Au sommaire de cette treizième lettre (eh oui, déjà…): de l’hiver et de l’automne, Pascal Quignard, Voyage en Algérie, le Fou (d’amour) Majnoun et son flot de centaines de poèmes monothématiques, Louise Glück et Couperin…Aragon, un peu.
La grande plaine est blanche, immobile et sans voix.
Pas un bruit, pas un son ; toute vie est éteinte.
Mais on entend parfois, comme une morne plainte,
Quelque chien sans abri qui hurle au coin d’un bois.
Plus de chansons dans l’air, sous nos pieds plus de chaumes.
L’hiver s’est abattu sur toute floraison ;
Des arbres dépouillés dressent à l’horizon
Leurs squelettes blanchis ainsi que des fantômes
Guy de Maupassant. Des vers.
Maupassant n’est pas un poète notoire, là n’est pas son génie premier, on le sait. Mais là, ce texte -trouvé en naviguant – bien qu’un peu académique, pourtant très maîtrisé, fait mouche; mature comme du Vigny. L’hiver est là.

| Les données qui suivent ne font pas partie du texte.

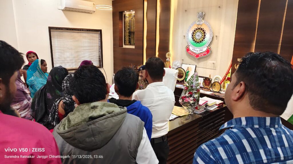 सुरेन्द्र रत्नाकर (प्रदेश अध्यक्ष भीम रेजिमेंट युवा प्रकोष्ठ) लकेश्वर प्रसाद (जिला प्रभारी भीम रेजिमेंट) ओम प्रकाश (जिला उपाध्यक्ष जांजगीर चांपा, भीम रेजिमेंट) जश्वेंद्र खुंटे (जिला अध्यक्ष कार्य. भीम रेजिमेंट), सुरज खरे ब्लॉक अध्यक्ष नवागढ़, सनी सुर्यवंशी ( महामंत्री, भीम रेजिमेंट) विजय महंत संभाग महासचिव (यूवा प्रकोष्ठ) भीम रेजिमेंट सहित वरिष्ठ पदाधिकारियों ने एसपी से मुलाकात कर अभद्र बयानबाजी करने वाले कथावाचक आशुतोष चैतन्य के खिलाफ कड़ी कार्रवाई करने की मांग की.

Le retard. Cela faisait déjà un moment que je ne vous avais pas livré ma lettre, je l’avoue (depuis fin août). Désolé pour le retard. Mais ceux qui lisent ces « cahiers » savent bien qu’Alceste n’est pas entré en léthargie pendant ce temps. Ah… la théorie du retard…Ce n’est qu’un jeu de mortel, voilà tout, et la vanité d’un peu de temps dépassé. L’hiver est là, et il faut attendre que ça s’en aille. Bientôt les jours s’allongeront aux premières heures des soirées. Mais alors, il faudra bien se dire que du temps a passé, et des jours sont consumés qui ne reviendront plus.

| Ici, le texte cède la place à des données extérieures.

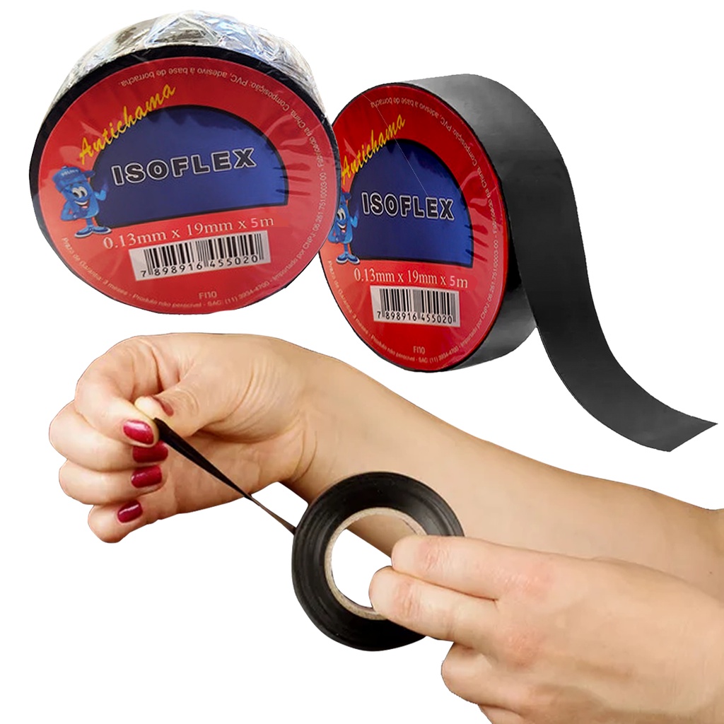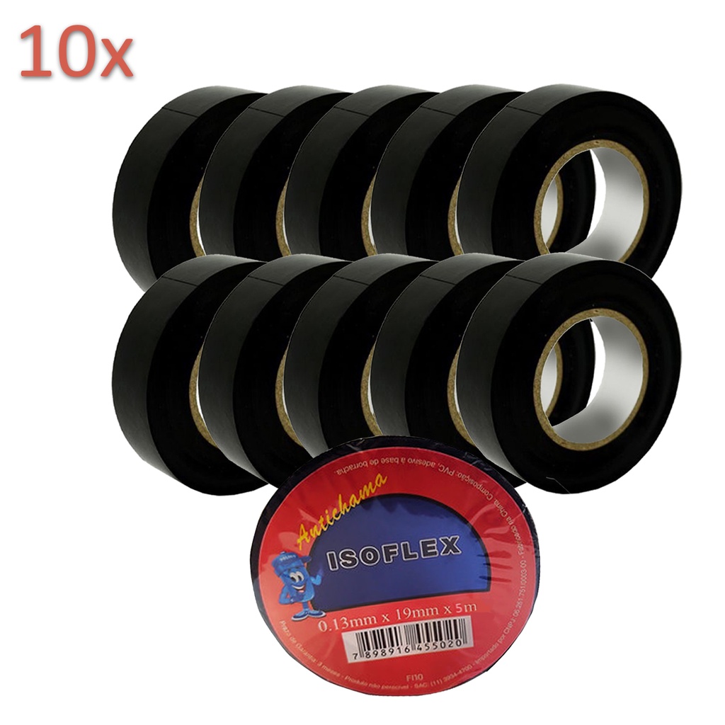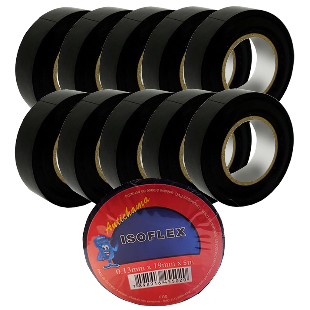 Kit 10 Unidades Fita Isolante Excelente Elasticidade Anti Chama Isoflex 19mm - 5m Cada IATF 16949

A propos du temps qui va. En lisant ses « heures heureuses », et sans doute effet de l’âge, j’ai perçu soudain comment Pascal Quignard m’accompagne depuis longtemps. Depuis le début des années 80, Apronenia et ses notes de buis. Le temps va, donc, et les lectures restent. Que nous dit-il, l’austère Pascal?
« Si le temps stricto sensu est défini par ce retard que prend, du soleil à la terre, la lumière qui éclaire son chemin après qu’elle l’a effectué, ce laps de temps si mystérieux qui se creuse dans l’espace et qui se décolore, ce pli qui s’efface, cet étrange délai qu’accuse toujours plus mystérieusement la poussée qui la porte (…) c’est aussi que le point de distension du temps est son seul référent, et non pas l’instant ou maintenant se maintiendrait. Le temps est l’irrattrapable de ce retard. »
Pascal Quignard. Les heures heureuses. XXIV.
Rien ne sert de courir…Le temps est son propre retard… Quignard, c’est toujours intelligent, parfois précieux, mais toujours intelligent. La phrase épouse parfaitement son contenu, elle est bâtie comme du Bossuet.
Mais s’il nous parle si bien du temps, que n nous dit-il de l’espace, alors?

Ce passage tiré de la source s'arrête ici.